I have to say that I enjoyed Otomo’s directorial contribution to the film Memories more than I did Steamboy. Both share the same kind of heavily industrial world of the past, cast in sepia-like tones reflecting an atmosphere of gloom. That was more than okay for Memories’ “Cannon Fodder,” but the world of Steamboy eventually grew tiresome to me. The animation of this film is excellent, but it consisted of far too many scenes of exploding machinery, to the detriment of character development and storyline. Frankly, I just didn’t care about this plot all that much.

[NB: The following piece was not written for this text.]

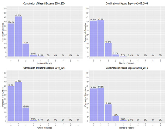 Another approach for examining frequencies of events is to assess the number of different types of natural hazards that affect a single county during the five-year increments. The number of different natural hazard events experienced by a county during each of the time periods shows a 51% increase in the percent of counties experiencing two or more natural hazards from 2000–2004 (16.8%) to 2015–2019 (25.3%) (Figure 3). Counties experiencing no natural hazards ranged from 37–41%, while those encountering only one hazard ranged from a low of 38% in time period four (2015–2019) to a high of 46% in time period one (2000–2004) (i.e., 18% decrease). The number of counties encountering four or more natural hazards during a time period increased seven-fold.
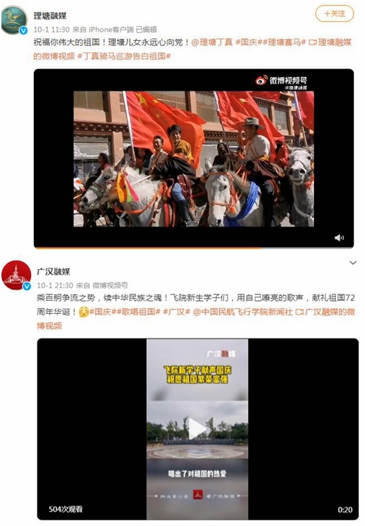 四川各地国旗飘扬、花团锦簇,开展了多种形式国庆节主题活动,如微博“理塘融媒”和“广汉融媒”的《祝福你伟大的祖国!理塘儿女永远心向党!》《乘百舸争流之势,续中华民族之魂!飞院新生学子们,用自己嘹亮的歌声,献礼祖国72周年华诞!》等新闻,报道了当地组织开展的赛马巡游、大学新生大合唱活动,为祖国母亲庆生。微信“安岳融媒”的《我爱你,中国!安岳师生用不同方式为祖国送祝福!》、“今日船山”的《视频|祝福祖国 为幸福奋斗》,表达对祖国的祝福和对美好未来的期盼。

You’ve got a young, inventive boy who finds himself in the middle of a conflict over the nature of science. It’s an argument that will erupt in loud, frightening chaos over the city of London. The boy’s name is Ray Steam, and steam is definitely the key word in all of this. Ray receives a parcel from his grandfather containing an ultra-powerful “steamball,” and almost at once he’s forced to honor his grandfather’s request to keep it out of the hands of “the Foundation.” His father, however, or at least a somewhat mechanized version of him, happens to be in cahoots with the Foundation, and he begins to win his son over to his own version of science. He has used the vast power of steam to take his own father’s vision of a Steam Castle and turn it into a well-armed weapon, complete with steam-powered flyers, subs, and mechanized fighters. The grandfather shows up to try and sabotage his evil son’s efforts, and he confronts Ray with his own peaceful vision of science. Fortunately for the audience, there’s a spoiled little rich girl (by the name of Scarlett O’Hara - I kid you not) to add some life to all this philosophizing and artificiality. The whole thing soon breaks down into a not-so-small war over London. If you like explosions and scenes of utter destruction in your anime, you’ll definitely want to check out Steamboy. That’s about all you’ll find in the second half of the film.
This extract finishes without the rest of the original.